Ken Thompson and Rob Pike produced the first implementation for the Plan 9 operating system in September 1992.
UTF-8 was designed as a superior alternative to UTF-1, a proposed variable-width encoding with partial ASCII compatibility which lacked some features including self-synchronization and fully ASCII-compatible handling of characters such as slashes.

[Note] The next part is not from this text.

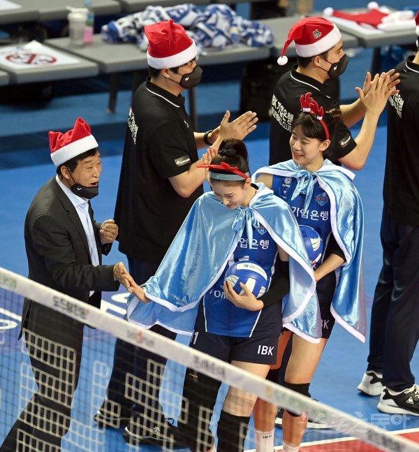 23일 화성종합경기타운 실내체육관에서 열린 ‘2021~2022 도드람 V-리그’ 여자부 IBK기업은행과 한국도로공사 경기에서 IBK기업은행 김호철 감독이 산타 모자를 쓰고 김수지와 하이파이브 하고 있다.

#Utf 8 converter from binary code
Since ASCII bytes do not occur when encoding non-ASCII code points into UTF-8, UTF-8 is safe to use within most programming and document languages that interpret certain ASCII characters in a special way, such as / ( slash) in filenames, \ ( backslash) in escape sequences, and % in printf. It was designed for backward compatibility with ASCII: the first 128 characters of Unicode, which correspond one-to-one with ASCII, are encoded using a single byte with the same binary value as ASCII, so that valid ASCII text is valid UTF-8-encoded Unicode as well. Code points with lower numerical values, which tend to occur more frequently, are encoded using fewer bytes. UTF-8 is capable of encoding all 1,112,064 valid character code points in Unicode using one to four one- byte (8-bit) code units. Defined by the Unicode Standard, the name is derived from Unicode (or Universal Coded Character Set) Transformation Format – 8-bit. UTF-8 is a variable-width character encoding used for electronic communication.